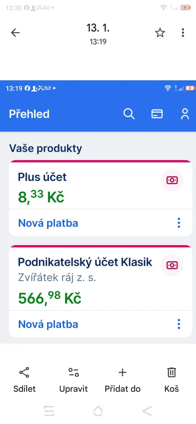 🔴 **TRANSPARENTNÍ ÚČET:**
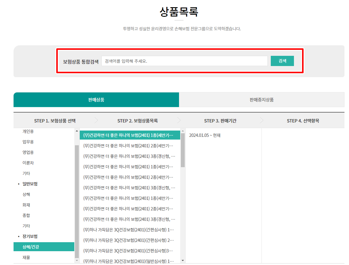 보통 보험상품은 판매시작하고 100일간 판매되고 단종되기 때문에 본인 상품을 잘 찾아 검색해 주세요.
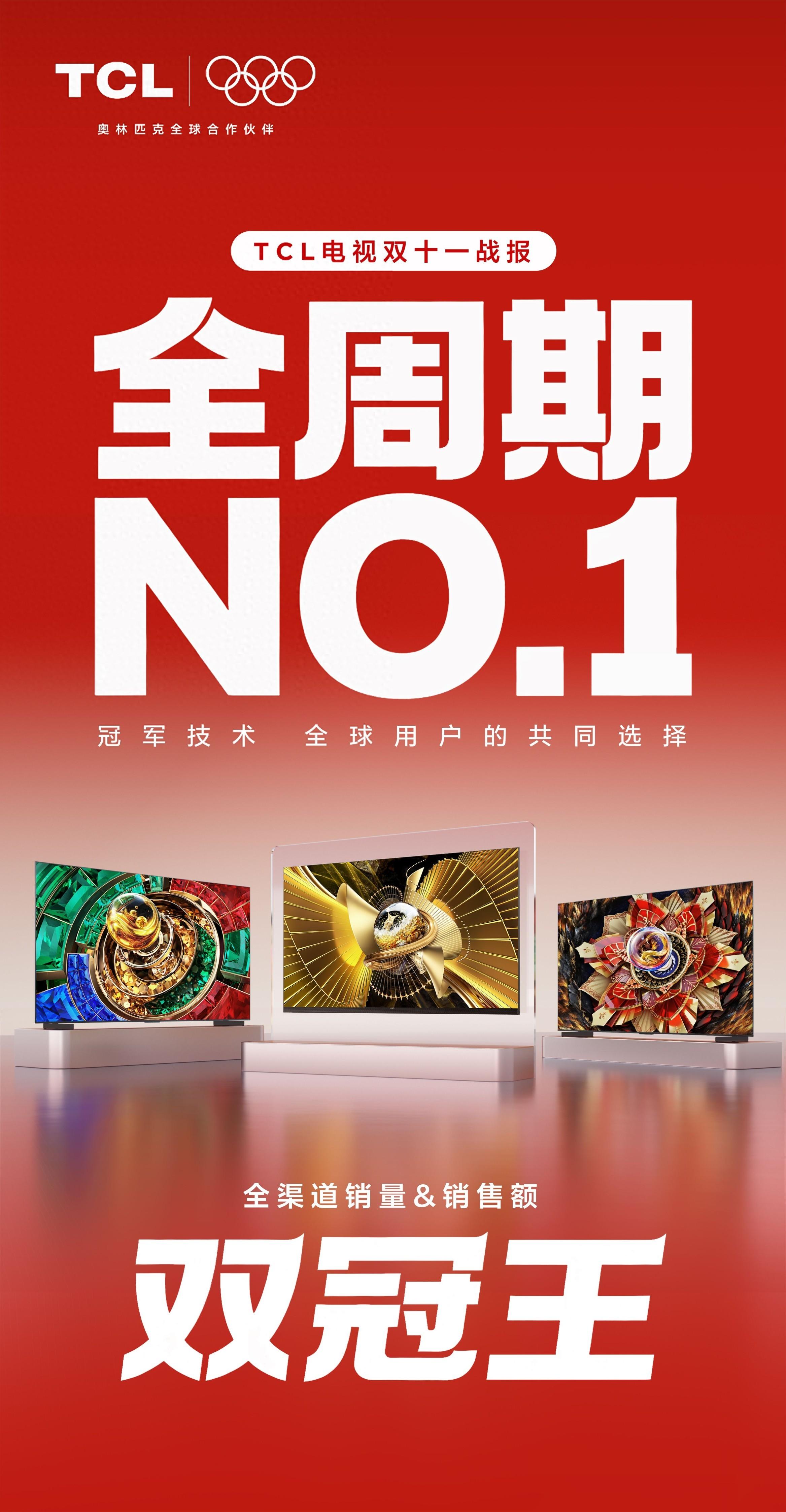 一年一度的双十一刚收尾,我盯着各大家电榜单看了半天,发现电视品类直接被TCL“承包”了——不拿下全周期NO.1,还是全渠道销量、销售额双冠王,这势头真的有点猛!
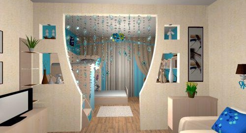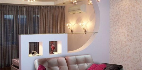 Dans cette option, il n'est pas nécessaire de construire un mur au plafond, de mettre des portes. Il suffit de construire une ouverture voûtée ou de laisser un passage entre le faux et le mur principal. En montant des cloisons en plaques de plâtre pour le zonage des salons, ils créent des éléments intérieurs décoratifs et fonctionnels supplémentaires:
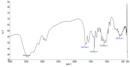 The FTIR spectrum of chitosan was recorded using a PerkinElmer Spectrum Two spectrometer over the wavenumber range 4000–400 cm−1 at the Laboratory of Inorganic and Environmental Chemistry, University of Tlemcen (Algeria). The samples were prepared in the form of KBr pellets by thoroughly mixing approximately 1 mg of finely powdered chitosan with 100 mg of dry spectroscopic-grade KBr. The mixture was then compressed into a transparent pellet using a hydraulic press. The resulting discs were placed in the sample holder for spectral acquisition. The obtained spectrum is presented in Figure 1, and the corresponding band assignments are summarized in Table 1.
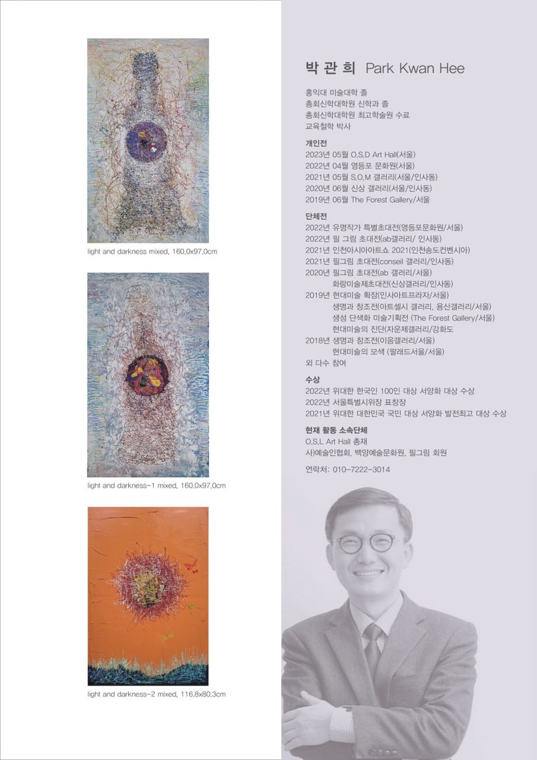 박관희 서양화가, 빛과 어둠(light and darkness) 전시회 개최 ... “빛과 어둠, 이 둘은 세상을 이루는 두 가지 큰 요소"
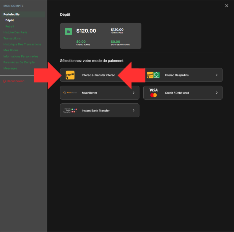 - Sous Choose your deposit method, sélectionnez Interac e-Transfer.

----------

Work item:
Exact repeat, pictures omitted: give every line from the top of the records down to and including the line with "Dans cette option, il".

Answer section:
 🔴 **TRANSPARENTNÍ ÚČET:**
 보통 보험상품은 판매시작하고 100일간 판매되고 단종되기 때문에 본인 상품을 잘 찾아 검색해 주세요.
 一年一度的双十一刚收尾,我盯着各大家电榜单看了半天,发现电视品类直接被TCL“承包”了——不拿下全周期NO.1,还是全渠道销量、销售额双冠王,这势头真的有点猛!
 Dans cette option, il n'est pas nécessaire de construire un mur au plafond, de mettre des portes. Il suffit de construire une ouverture voûtée ou de laisser un passage entre le faux et le mur principal. En montant des cloisons en plaques de plâtre pour le zonage des salons, ils créent des éléments intérieurs décoratifs et fonctionnels supplémentaires:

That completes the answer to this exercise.